Goal of the exercise: Pull out every line below containing the word "based".

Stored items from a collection
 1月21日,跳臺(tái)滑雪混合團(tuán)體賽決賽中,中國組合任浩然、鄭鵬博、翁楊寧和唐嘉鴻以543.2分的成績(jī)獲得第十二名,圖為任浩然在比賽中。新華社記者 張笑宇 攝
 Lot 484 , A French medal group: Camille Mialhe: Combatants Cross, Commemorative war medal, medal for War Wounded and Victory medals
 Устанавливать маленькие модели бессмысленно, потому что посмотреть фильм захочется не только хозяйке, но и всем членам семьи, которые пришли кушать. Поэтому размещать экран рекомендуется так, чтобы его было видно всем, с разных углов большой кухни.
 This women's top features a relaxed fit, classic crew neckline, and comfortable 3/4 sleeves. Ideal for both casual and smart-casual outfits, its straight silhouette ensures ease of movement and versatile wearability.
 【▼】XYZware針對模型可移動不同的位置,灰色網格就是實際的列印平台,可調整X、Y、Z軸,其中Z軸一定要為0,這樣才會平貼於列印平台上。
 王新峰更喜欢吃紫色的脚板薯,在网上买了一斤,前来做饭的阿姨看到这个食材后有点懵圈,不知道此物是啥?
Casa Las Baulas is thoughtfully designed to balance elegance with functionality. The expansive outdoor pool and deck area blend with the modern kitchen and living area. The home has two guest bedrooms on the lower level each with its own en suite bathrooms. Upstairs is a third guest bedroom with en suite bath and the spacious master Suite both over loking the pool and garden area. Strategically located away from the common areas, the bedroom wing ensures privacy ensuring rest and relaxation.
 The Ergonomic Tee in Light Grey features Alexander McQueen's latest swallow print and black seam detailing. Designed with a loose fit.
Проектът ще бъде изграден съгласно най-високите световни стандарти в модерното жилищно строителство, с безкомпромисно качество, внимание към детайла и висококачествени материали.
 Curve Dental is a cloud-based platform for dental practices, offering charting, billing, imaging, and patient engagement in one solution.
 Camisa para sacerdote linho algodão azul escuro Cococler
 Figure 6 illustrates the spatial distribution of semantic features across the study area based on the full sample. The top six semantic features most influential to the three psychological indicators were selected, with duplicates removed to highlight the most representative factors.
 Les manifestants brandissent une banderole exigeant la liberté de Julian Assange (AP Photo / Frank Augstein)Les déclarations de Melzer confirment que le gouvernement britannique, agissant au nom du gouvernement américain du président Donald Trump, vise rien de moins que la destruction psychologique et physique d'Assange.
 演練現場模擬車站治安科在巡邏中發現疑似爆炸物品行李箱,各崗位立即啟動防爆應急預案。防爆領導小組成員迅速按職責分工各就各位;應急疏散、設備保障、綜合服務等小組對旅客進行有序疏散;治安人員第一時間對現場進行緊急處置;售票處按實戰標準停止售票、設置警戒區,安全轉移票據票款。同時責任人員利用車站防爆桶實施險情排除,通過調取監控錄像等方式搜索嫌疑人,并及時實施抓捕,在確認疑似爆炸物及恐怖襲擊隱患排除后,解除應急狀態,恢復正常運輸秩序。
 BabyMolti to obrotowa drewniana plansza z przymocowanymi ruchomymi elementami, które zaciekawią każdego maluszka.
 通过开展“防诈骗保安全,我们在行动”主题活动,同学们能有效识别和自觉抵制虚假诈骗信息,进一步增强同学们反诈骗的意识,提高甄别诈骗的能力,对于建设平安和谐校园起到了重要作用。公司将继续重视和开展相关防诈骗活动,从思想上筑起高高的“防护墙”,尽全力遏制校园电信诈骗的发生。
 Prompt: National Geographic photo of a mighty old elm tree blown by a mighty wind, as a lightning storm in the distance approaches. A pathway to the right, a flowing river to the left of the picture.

Response to the exercise:
 Curve Dental is a cloud-based platform for dental practices, offering charting, billing, imaging, and patient engagement in one solution.
 Figure 6 illustrates the spatial distribution of semantic features across the study area based on the full sample. The top six semantic features most influential to the three psychological indicators were selected, with duplicates removed to highlight the most representative factors.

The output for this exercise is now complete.